Saturday, October 31, 2009
I'm going crazy right about!
It's been five hrs since Noah woke up and he's refusing to nap. I can't get anything done. I'm exhausted myself. I just want to cry. I'm not going to get to go out tonight...hell we might not even get to go trick or treating if he keeps this up. And of course not one damn person to babysit or give me a break. I hate the weekends sometimes. Oh, happy halloween, hope yours is better than mine.
Thursday, October 29, 2009
Mad!
Sometimes it is really fn hard to be a mama. Like I love Noah, and he's such a blessing and my life is nothing without him. But Gah its so hard sometimes to sacrifice the things I wanna do. Like Halloween is saturday and I got invited to go out with some friends. I want to go soooooo bad! But of course Noah's grandparents still think they are young and are going out too and Brian has to go to work and so I once again have to sit my ass at home while everyone else it out and do nothing. Ugh! Why can't I just have one night of fun! Alone! If there's one thing I miss pre-baby its having the freedom to come and go as I please! Man I miss that!
Tuesday, October 27, 2009
I'm Such a Proud Mama!
Noah did so good at his 6 month checkup today. The nurse said she had an 8 month old that wouldn't even hold his own bottle yet. Noah is so advanced and learning something new every day. He took the shots like such a little tough guy. He stopped crying as soon as daddy picked him up. I just can't get over how amazing he is. I'm so proud of him. I've never been proud of myself but I sure am proud we created such a beautiful child. He's so amazing. Ok sorry for all the mushy, what can I say, he's precious!
Monday, October 26, 2009
Ahh Sleep!
Noah's been sleeping really good the past two nights and not waking up till almost 8 instead of the normal 6:30 or 7. I love it! Makes me feel so good to get that extra hour of sleep. I hope he keeps it up.
Friday, October 23, 2009
Feeling down lately...
Everything gets me so down lately. I'm so tired of being stuck in the house all the time. We never have any money to do anything. I'm so tired of having to rely on other people for things we need. I'm so sick of getting irritated at Brian for things I know is not his fault. I complain like this but then I don't want to get a job and leave Noah. So I'm basically being a hypocrite. It's just so hard. I want to be able to have the money to buy things for him and do things for him. I just miss when things were easy.

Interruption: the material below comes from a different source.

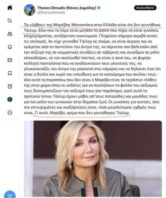 «Σε συνέχεια της χθεσινής συκοφαντικής ανάρτησης της Βουλευτού Επικρατείας του ΣΥΡΙΖΑ Έλενας Ακρίτα, το περιεχόμενο της οποίας επανέλαβε και σήμερα, η κυρία Μαρέβα Γκραμπόφσκι Μητσοτάκη θα προβεί στο αμέσως προσεχές χρονικό διάστημα στις απαραίτητες νομικές ενέργειες κατά το αστικό και ποινικό δίκαιο, με σκοπό την αποκατάσταση της αλήθειας και της προσωπικότητάς της.

Thursday, October 22, 2009
6 months-Good god what happened?!
Noah is 6 months today! It literally feels like we just brought him home! Like I seriously can't figure out where the time went! Makes me sad cuz I know time is just gonna fly by even faster as he gets older. :(
Wednesday, October 21, 2009
It's way to damn early!
So its 7:30 and Noah's been up since 6. Which is fine and dandy but Brian's up too. But of course its impossible for me to get any extra sleep because he doesn't hear Noah wake up and by the time I get up to get him and Brian wakes up I'm already awake and it takes at least an hour for me to fall back asleep. Grrr. I better get a nap today! haha yea right!